In Europe in particular, the pendulum may already have swung too far toward the short term. In 2004, CEOs removed for poor performance were in office for a median tenure of two and a half years, an astonishingly and counterproductively brief period of time. Many of the fundamental changes needed to make companies competitive require more than two years to take effect, especially given the region’s tradition of cooperative labor relations and the high social costs associated with transformative change. Europe may be entering a cycle in which transformative change is required but the threat of rapid dismissal focuses existing CEOs on short-term performance, preventing them from completing (or even launching) the transformations that many European companies need.

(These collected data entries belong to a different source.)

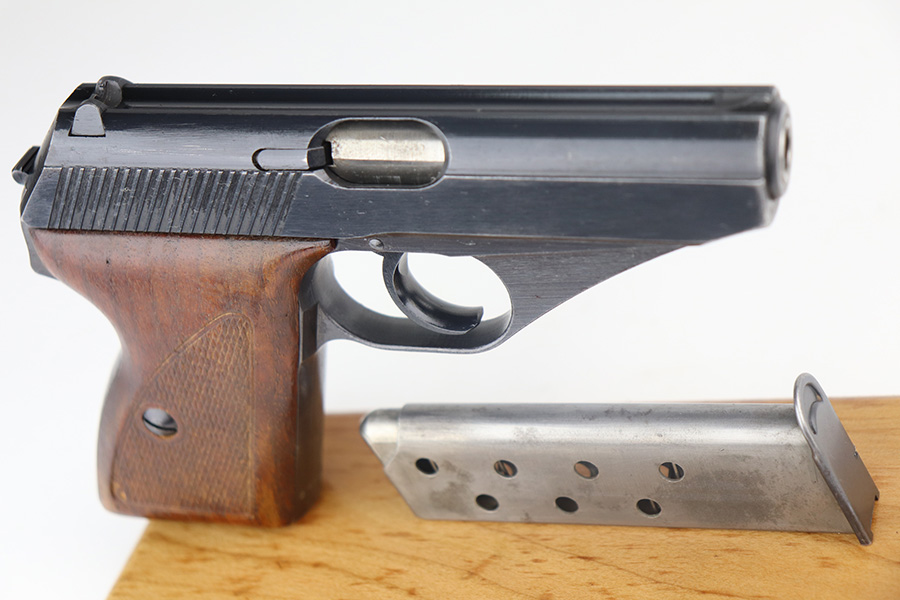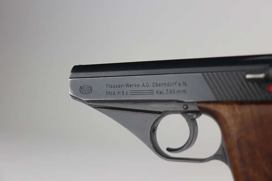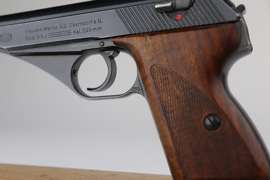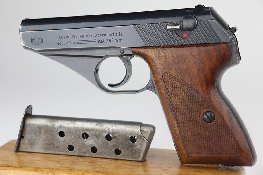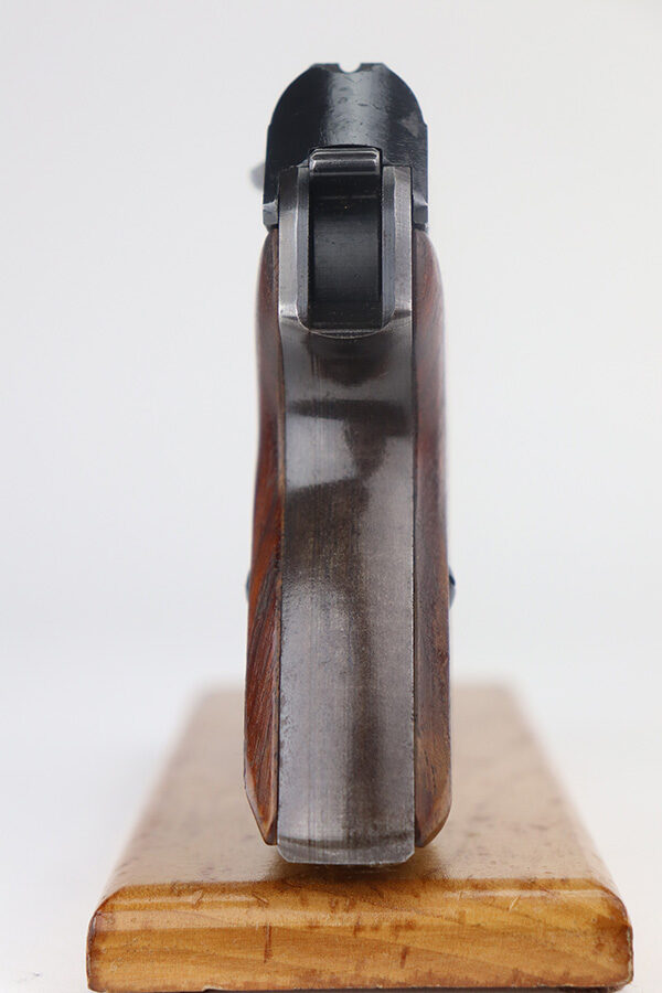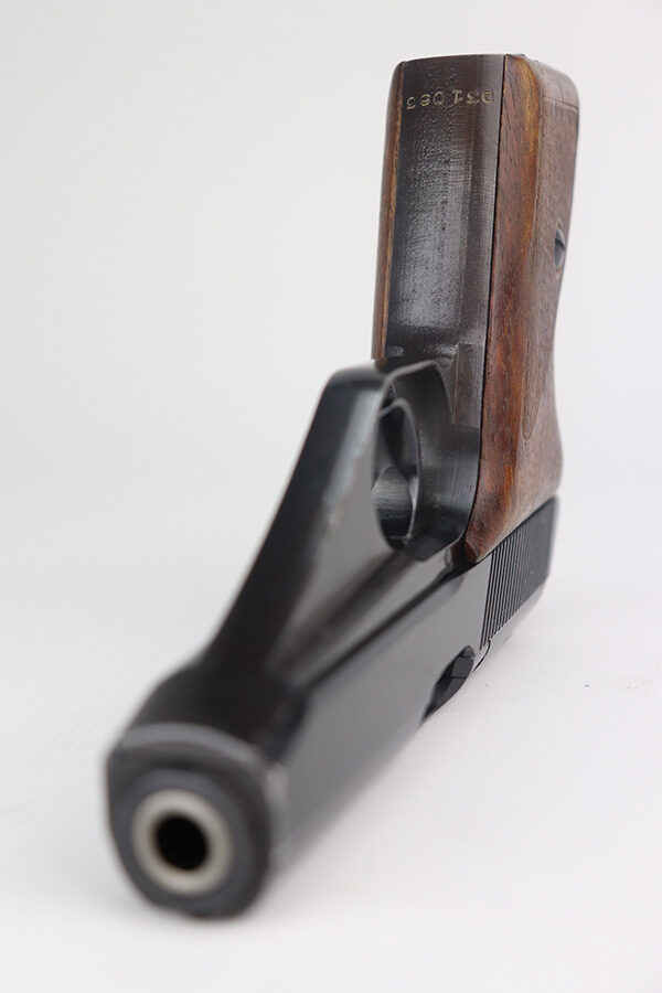 5/20/21 – This is a minty example of Mauser HSC issued to the Nazi military in 1944. The gun is matching and has the proper “waffen 135” military proof. It has retained about 98% of its original bluing. There is just a hint of wear on the straps and around the muzzle. A little bit of minor patina on the straps. Comes with excellent wood grips and a proper magazine. The bore is mint.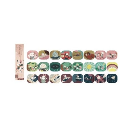 Une belle lampe torche de poche où chacun des 3 disques projetés sur le mur raconte une histoire. Elles racontent les aventures tendres et oniriques des créatures d'Après la pluie.
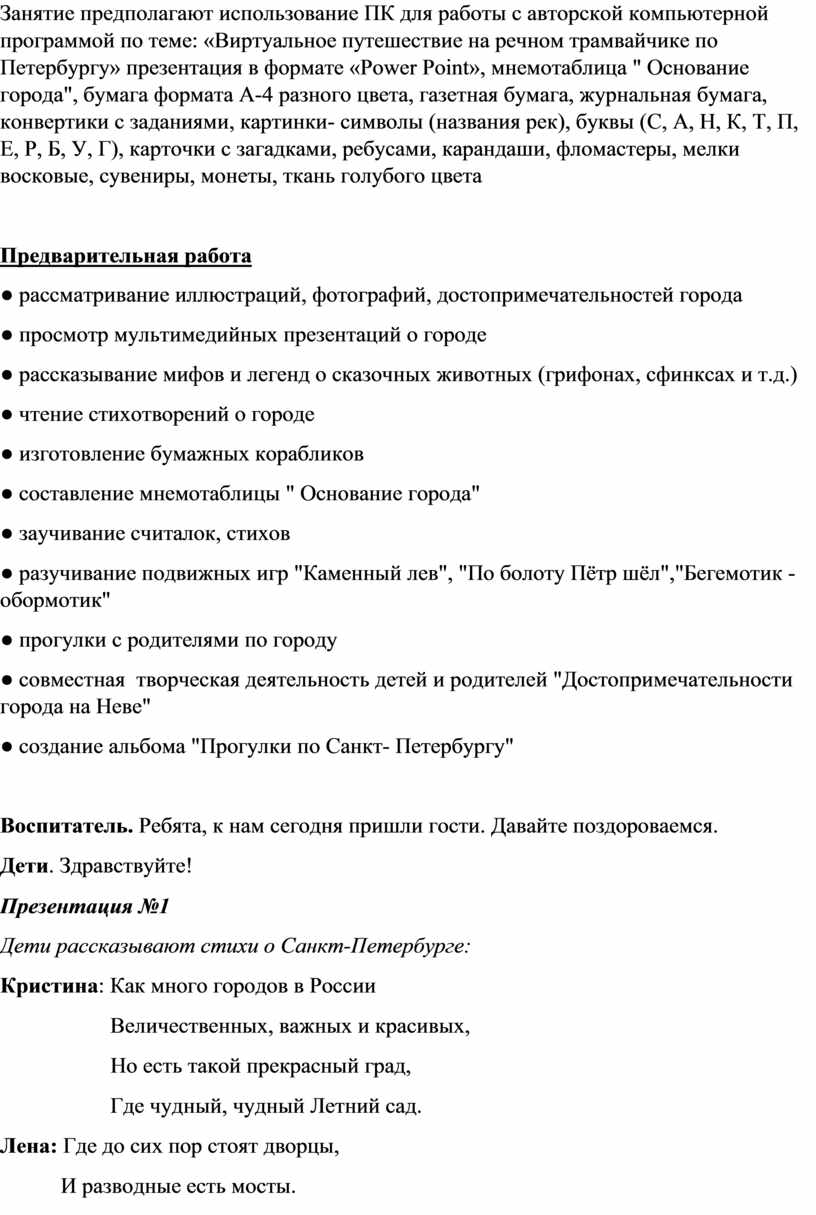 Занятие предполагают использование ПК для работы с авторской компьютерной программой по теме: «Виртуальное путешествие на речном трамвайчике по Петербургу» презентация в формате «Power Point», мнемотаблица " Основание города", бумага формата А-4 разного цвета, газетная бумага, журнальная бумага, конвертики с заданиями, картинки- символы (названия рек), буквы (С, А, Н, К, Т, П, Е, Р, Б, У, Г), карточки с загадками, ребусами, карандаши, фломастеры, мелки восковые, сувениры, монеты, ткань голубого цвета

In contrast, by global standards, CEO turnover in North America is too low. Boards in North America are the slowest to remove underperforming CEOs: The 5.2 years the average underperforming American chief gets is significantly longer than the span in any other region of the world. The rate of performance-related successions in North America is also low: 3.6 percent of American CEOs were fired in 2004, compared with the global average of 4.4 percent. We estimate that the 9.5 percent of North American CEOs departing between 2000 and 2004 whose companies underperformed the stock market should have been removed much more quickly by their boards; the Michael Eisner soap opera is by no means an isolated case. Our estimate reflects CEOs who underperformed the stock market not only during their full tenure, but also during the second half of their tenure, and whose total tenure exceeded the global average. Shareholders would have been better off if these CEOs had been removed at the midpoint of their tenure.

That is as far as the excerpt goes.